A model is an abstraction of reality. This allows us to strip away detail and view an entity or concept from a particular perspective. Models come in many different forms (equations, diagrams, mappings, etc..).
The representational condition requires every measure to be associated with a model of how the measure maps the entities and attributes in the real world to the elements of a numerical system.

Example: to measure the length of programs using lines of code we need to create a model of a program:…

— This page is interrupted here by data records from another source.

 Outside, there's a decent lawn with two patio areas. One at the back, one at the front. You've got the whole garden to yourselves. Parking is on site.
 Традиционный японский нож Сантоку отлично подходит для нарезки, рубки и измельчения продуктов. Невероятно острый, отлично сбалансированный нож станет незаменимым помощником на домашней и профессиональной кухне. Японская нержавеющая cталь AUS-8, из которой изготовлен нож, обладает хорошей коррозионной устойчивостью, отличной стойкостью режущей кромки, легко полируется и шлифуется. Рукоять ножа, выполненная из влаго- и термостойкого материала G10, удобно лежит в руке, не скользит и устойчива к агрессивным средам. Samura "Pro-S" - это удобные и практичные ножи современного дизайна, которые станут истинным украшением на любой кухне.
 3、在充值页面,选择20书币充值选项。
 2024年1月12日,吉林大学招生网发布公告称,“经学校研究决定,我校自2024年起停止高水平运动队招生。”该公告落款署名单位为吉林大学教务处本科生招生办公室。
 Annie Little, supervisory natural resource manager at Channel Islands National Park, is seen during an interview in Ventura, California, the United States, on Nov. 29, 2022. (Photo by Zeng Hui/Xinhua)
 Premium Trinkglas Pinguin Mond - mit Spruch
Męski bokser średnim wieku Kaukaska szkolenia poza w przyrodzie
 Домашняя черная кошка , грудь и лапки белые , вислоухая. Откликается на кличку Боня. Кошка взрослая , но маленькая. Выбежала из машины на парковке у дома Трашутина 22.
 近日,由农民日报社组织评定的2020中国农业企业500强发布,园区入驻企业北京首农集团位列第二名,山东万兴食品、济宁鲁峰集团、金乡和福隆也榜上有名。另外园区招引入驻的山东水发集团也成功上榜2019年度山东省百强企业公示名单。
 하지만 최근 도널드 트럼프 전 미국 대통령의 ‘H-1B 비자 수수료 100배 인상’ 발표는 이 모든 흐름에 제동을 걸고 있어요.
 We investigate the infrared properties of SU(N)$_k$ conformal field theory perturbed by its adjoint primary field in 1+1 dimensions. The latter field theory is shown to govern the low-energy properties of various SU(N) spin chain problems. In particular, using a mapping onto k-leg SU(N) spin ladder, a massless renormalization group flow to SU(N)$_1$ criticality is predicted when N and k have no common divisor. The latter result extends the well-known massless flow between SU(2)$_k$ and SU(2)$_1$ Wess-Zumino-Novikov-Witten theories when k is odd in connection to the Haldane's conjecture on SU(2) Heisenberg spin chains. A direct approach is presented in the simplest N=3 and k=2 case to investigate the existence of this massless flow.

  • Do we treat separate statements on the same line as distinct lines of code?
  • Should comments be counted?
  • Do we count data declarations?

It should also handle:

  • Programs written in a combination of languages
  • Situations where different versions run on different platforms

Direct Measurement

Direct measurement of an attribute of an entity involves no other attribute or entity (eg: the length of a physical object can be measured without reference to any other objects or attributes).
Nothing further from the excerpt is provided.